Unlike the Preacher, Jesus was tempted, yet did not sin. He didn’t find value in the pleasures of life, or having to prove himself to the world. He knew who He was and that He was the Son of God. His work was meaningful, for even though it was the most difficult work in history, it was completed at the cross and stamped as approved by His own resurrection. He delivered us from living life to find meaning, and instead finding meaning in God and enjoying our lives in Him. To have a heart for God means I can then take these things and use them for its proper end. The glory of God. God isn’t wanting you to be miserable. Enjoy the good things of life. The Preacher says this. Eat and drink and enjoy it as a gift from God, not for meaning in this life
Conclusion:
Yes, this seems to contradict the experimental life. You can enjoy those things. But God has to be in the picture. And the only way God could be in the picture is that God came into our broken world to give us the restoration, to recover Eden as it was intended. Death no longer will make everything meaningless. Jesus defeated death for us and makes us all equal before him, rich and poor, able to enjoy his good gifts, wherever we are, however much money we make, what kind of car we drive. Satisfaction in our own skin, our own work, our own possessions used for His glory. Music played for His glory, not for meaning. Enjoying art as a reflection of our Creator. Sex in the confines of the marriage relationship, being more fulfilling than multiple partners, for that is what we were created for and brings Him glory.
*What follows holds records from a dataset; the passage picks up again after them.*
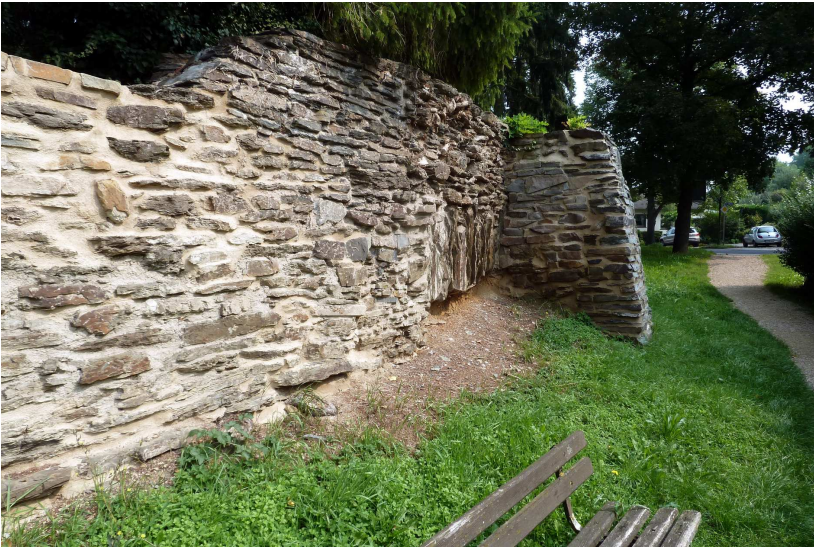
Abb. 3–8 (vorige Seite v.o.l.n.u.r.): Fundpunkte des Ölkäfers Sitaris muralis im Stadtgebiet von Sinzig und in Sinzig-Westum (alle Fotos SCHÖNFELD 2015–2018) und Abb. 9 Fundpunkt 8 an der Südseite der alten Stadtmauer (Foto SCHÖNFELD 2017).

Fundpunkt 8 – Südseite der alten Stadtmauer im Bereich Rheinstraße und Kreisel (50.541006°, 7.248667°, Abb. 4): 27.VIII.2017, 12:15 Uhr, 1 ♀ alttot, ca. 3 m entfernt fliegende Bienen (ZFMK).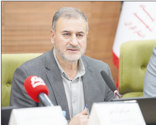
فرمانده انتظامی استان کردستان در جریان بازدید از کلاس آموزشی.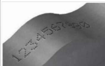
Compensação de altura até 5mm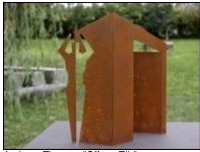
Andreas Theurer, "Offene Tür", 2008, Stahl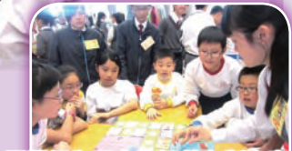
同學們為了在這個英文版大富翁中勝出，都很認真地說英語

The gestures and opinions of the NETs are quite helpful for us to achieve the performance. We really look forward to more these language learning activities.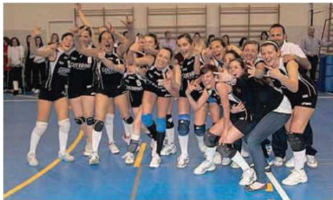
BRAVE Una grande vittoria per il volley di Fornacette e per la Polisportiva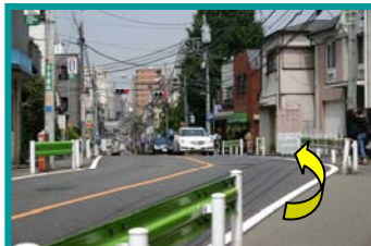
⑦あと約50mで正門が右側に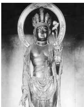
国宝 木心乾漆十一面観音立像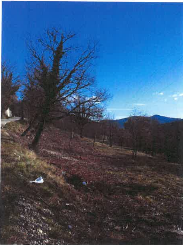
Photographie n°2 (environnement proche)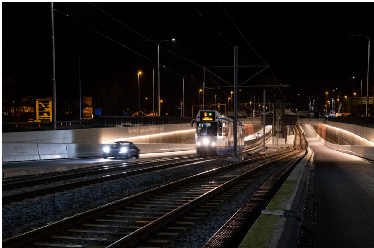
3 februari 2020: De eerste auto's door de bak van Kronenburg.

info@amstelveenlijn.nl 020-470 4070 (24/7) Twitter: @Amstelveenlijn Facebook.com/amstelveenlijn www.amstelveenlijn.nl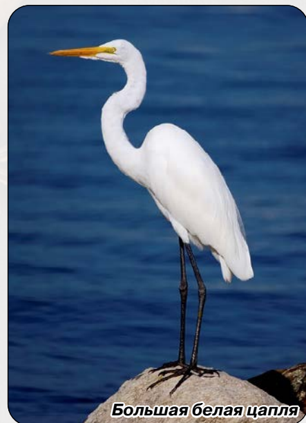
Большая белая цапля

Если же все-таки цапля решится поселиться на дереве, то сооружает гнездо в форме перевёрнутого конуса с просвечивающими стенками из сухих прутьев и колючих ветвей. В сооружении гнезда принимают участие оба партнёра: доставка гнездового материала в значительной степени лежит на самце, а его размещение и утапывание – на самке. В кладке 4–5 зеленовато-голубых яиц величиной с куриное. Кладку насиживают обе птицы в течение 25–26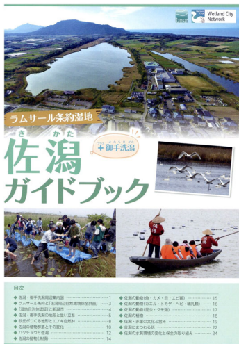
佐潟ガイドブック 2023年発行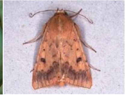
写真3:オオタバコガの成虫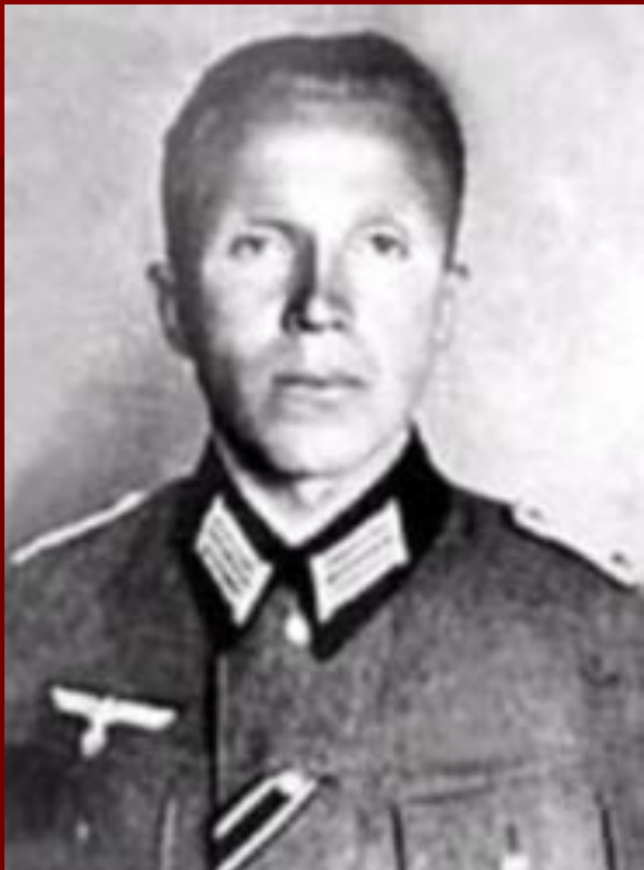
Немецкий офицер Пауль Вильгельм Зиберт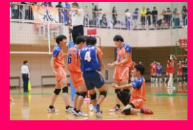
男子バレーボール部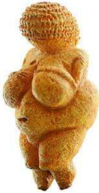
Venus van Willendorf

We weten alleen dat de beeldjes sterk op elkaar lijken en in een uitgestrekt gebied gevonden zijn wat er op wijst dat het religieuze gedachtegoed erbij waarschijnlijk goed uitgewerkt en wijd verbreid was. De cultus rond de venusbeeldjes heeft desondanks vrij kort bestaan, ongeveer 2000 jaar, en is daarna verdwenen.

So, the question is, where are your hearts desires? In self-indulgence? Living wisely? Building your own kingdom? Or it is in God, enjoying His pleasures and gifts, living by His wisdom, and living for His kingdom rather than our own? All through the power of God, made possible through Christ on the cross and His resurrection and His indwelling Spirit who regenerates us and sanctifies us towards true life and meaning.